# Plasti dip.



## vtaylor78 (Feb 21, 2012)

Hello all,
I want to "de chrome" my window surrounds on my E class coupe.
I've explored the wrapping option and a couple of company's , but the top piece of chrome is bonded to the rubber window seal. So they don't think it's a good idea to wrap them.
I've been to a very good body shop to enquirer about painting them, again because the top piece of chrome can't be removed they didn't want to risk it.
So I think I'll have a go myself with "Plasti dip".
Has anybody any experience with this product ? I've watched a couple of U tube videos and results look good.
Any advise help would be much appreciated .
Thanks
Vince.


----------



## stangalang (Nov 27, 2009)

Yep we do it a lot, use cardip uk not plastidip, much better product. I would say, unless you have a heated area to work wait for it to warm up a bit, it can be a pain to cure in cold weather


----------



## vtaylor78 (Feb 21, 2012)

Thanks Matt,
I've looked at car dip, and contacted them.
Apparently there has been a problem with their gloss top coat aerosols .
They have recalled them to have new instructions printed on the cans ?.
So I wasn't able to order the products I required.


----------



## stangalang (Nov 27, 2009)

vtaylor78 said:


> Thanks Matt,
> I've looked at car dip, and contacted them.
> Apparently there has been a problem with their gloss top coat aerosols .
> They have recalled them to have new instructions printed on the cans ?.
> So I wasn't able to order the products I required.

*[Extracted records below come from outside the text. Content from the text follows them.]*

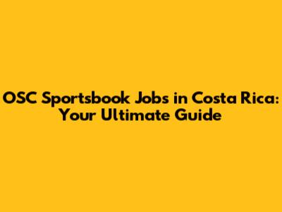 OSC Sportsbook Jobs In Costa Rica: Your Ultimate Guide
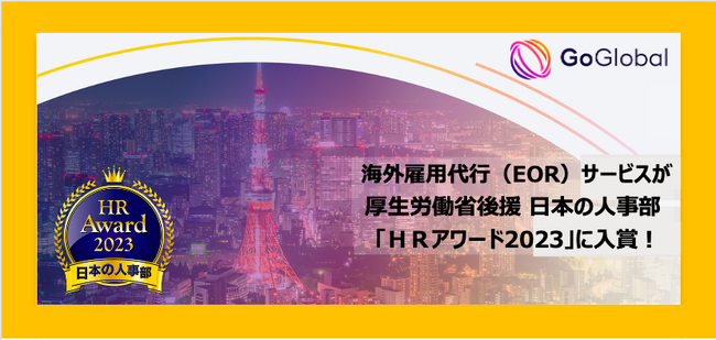 GoGlobal株式会社(港区、代表取締役;渡辺さち、沖室晃平、以下「GoGlobal」)が提供する「海外雇用代行(EOR)サービス」が、日本の人事部「HRアワード2023」(主催:「HRアワード」運営委員会、後援:厚生労働省)のプロフェッショナル部門に入賞しましたことを発表いたします。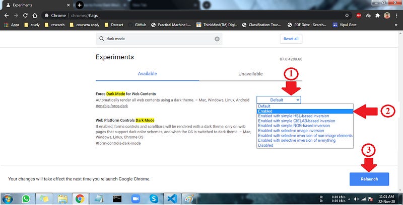 How to Enable Normal Dark mode which is supported by chrome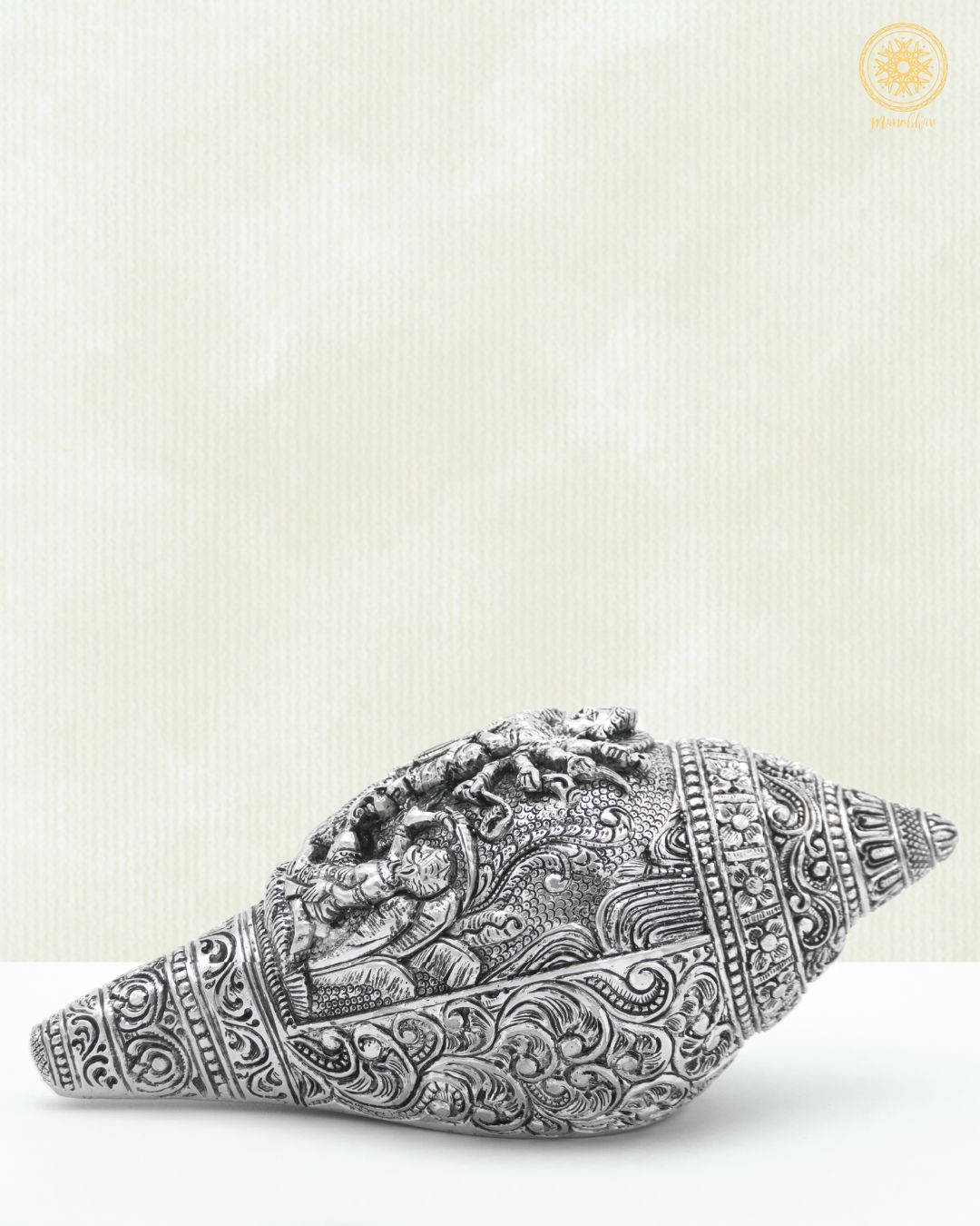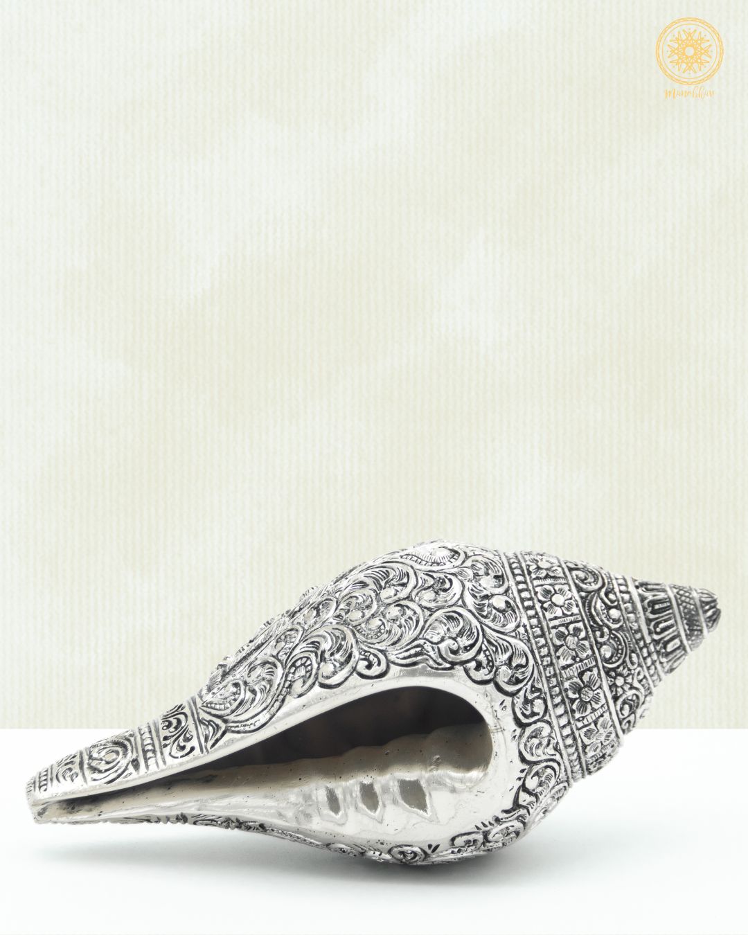 Handcrafted Silver plated Durga Conch Shell | Shankh

Ah ok, yeah we use bulk so they are just tins of liquids. Why not go with a matte or satin instead for now?


----------



## vtaylor78 (Feb 21, 2012)

stangalang said:


> Ah ok, yeah we use bulk so they are just tins of liquids. Why not go with a matte or satin instead for now?


I have gloss trim around the mirror, so I wanted to tie it in.


----------



## MA3RC (Jun 19, 2012)

I recently plastidipped my wing mirrors black, never done any kind of spraying before. It was so easy, I popped the wing mirror covers off, cleaned them up and started spraying.

Thin coats and build them up is the only real advice I can give. Then once they're dry apply a carunba wax to them.


----------



## stangalang (Nov 27, 2009)

vtaylor78 said:


> I have gloss trim around the mirror, so I wanted to tie it in.


Ah gotcha. Whats the time line on the replacements?


----------



## Christian6984 (Dec 20, 2007)

Iv'e used both Plastidip and Cardip, Car dip is the better of the two. Like said though the Aerosol Gloss Coat is impossible to get hold of in the UK right now. I got a can imported from Belguim and wasnt cheap and tried to get more from czech republic if i want to change colour again but ran into problems that UK couriers have restrictions on carrying Aerosols, did a fantastic job mind.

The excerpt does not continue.